As other answers already pointed out, local variables (which are per-instance, not per-function object!) are a completely disjoint namespace from a function object's attributes held in its __dict__.
In python, a namespace is just a dictionary object, mapping variable name as a string (in this case, 'guest') to a value (in this case, 'Harry'). So as long as you have access to an object, and it's mutable, you can change anything about its namespace.
On small projects, it's not a huge problem, and lets you hack things together faster, but incredibly confusing on larger projects, where your data could be modified from anywhere.
There are ways of making attributes of classes "more private", such as Name Mangling.
tom.guest is just a property on the tom function object, it has nothing to do with the scope or locals() inside that function, and nothing to do with that fact that tom is a function, it would work on any object.
I have used this in the past to make a self-contained function with "enums" that go along with it.
Suppose I were implementing a seek() function. The built-in Python one (on file objects) takes an integer to tell it how to operate; yuck, give me an enum please.
def seek(f, offset, whence=0):
return f.seek(offset, whence)
seek.START = 0
seek.RELATIVE = 1
seek.END = 2
f = open(filename)
seek(f, 0, seek.START) # seek to start of file
seek(f, 0, seek.END) # seek to end of file
What do you think, too tricky and weird? I do like how it keeps the "enum" values bundled together with the function; if you import the function from a module, you get its "enum" values as well, automatically.

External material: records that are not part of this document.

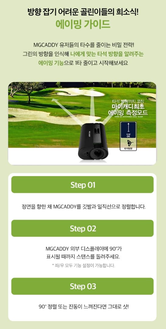 대상이유중급자 이상 골퍼 정확한 거리 정보 + 방향 정렬 필요 샷 정렬이 고민인 골퍼 에이밍 기능으로 셋업 보조 필드에서 빠르게 거리 확인하고 싶은 분 OLED 측면 디스플레이 활용 가능 기존 거리측정기 업그레이드를 원하는 분 종합 기능 모두 탑재된 프리미엄형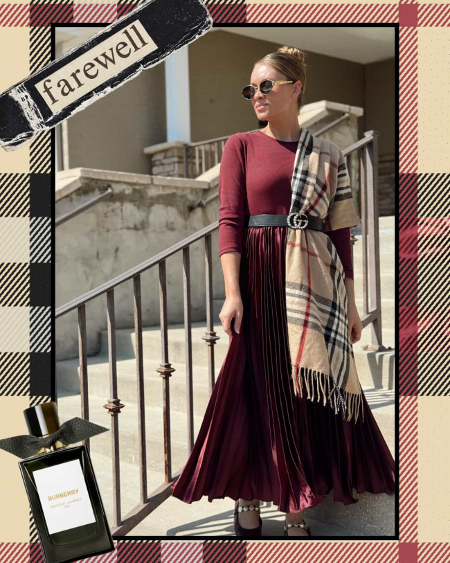 This entire outfit is giving old money vibes! A plaid scarf draped over one shoulder and secured with a belt creates such a classy look. Add some sparkly flats like Mandy did for a touch of glamor!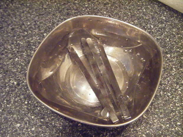 Cortar el dedo de rastrillo solo en cuatro, secciones lengthed igualmente . La longitud que se usaba era la distancia exacta entre los lados de la frontera de oro en la lata. La longitud aproximada es de 3 1/4".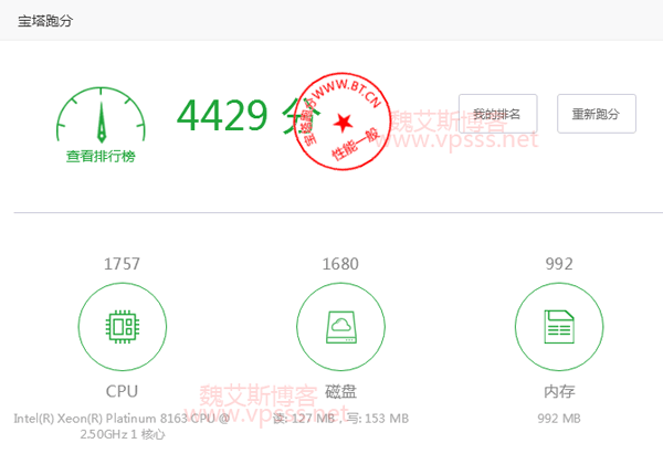 用宝塔跑分测试下成绩吧,CPU的份1757分还是蛮不错的,总体看1核1G配置能有这个分数还是挺可以的,整体性能完全可以支撑相应级别的业务。

Python functions are lexically scoped so there is no way to add variables to the function outside of its defined scope.
However, the function still will have access to all parent scopes, if you really wanted to design the system like that (generally considered bad practice though):
>>> def foo():
>>> def bar():
>>> print x
>>> x = 1
>>> bar()
1
Mutating function variables is mostly a bad idea, since functions are assumed to be immutable. The most pythonic way of implementing this behavior is using classes and methods instead.
Python API documentation generation tools, such as pydoc and epydoc, use introspection to determine a function's name and docstring (available as the __name__ and __doc__ attributes). Well-behaved function decorators are expected to preserve these attributes, so such tools continue to work as expected (i.e. decorating a function should preserve the decorated function's documentation). You do this by copying these attributes from the decorated function to the decorator. Take a look at update_wrapper in the functools module:
WRAPPER_ASSIGNMENTS = ('__module__', '__name__', '__doc__')
WRAPPER_UPDATES = ('__dict__',)
def update_wrapper(wrapper,
wrapped,
assigned = WRAPPER_ASSIGNMENTS,
updated = WRAPPER_UPDATES):
"""Update a wrapper function to look like the wrapped function
wrapper is the function to be updated
wrapped is the original function
...
"""
for attr in assigned:
setattr(wrapper, attr, getattr(wrapped, attr))
for attr in updated:
getattr(wrapper, attr).update(getattr(wrapped, attr, {}))
...
So, that's at least one example where modifying function attributes is useful and accepted.
It some situations, it can be useful to "annotate" a function by setting an attribute; Django uses this in a few places:
You can set alters_data to True
on model methods that change the
database, preventing them from being
called in templates.
You can set
allow_tags on model methods that
will be displayed in the admin, to
signify that the method returns HTML
content, which shouldn't be
automatically escaped.
As always, use your judgement. If modifying attributes is accepted practice (for example, when writing a decorator), then by all means go ahead. If it's going to be part of a well documented API, it's probably fine too.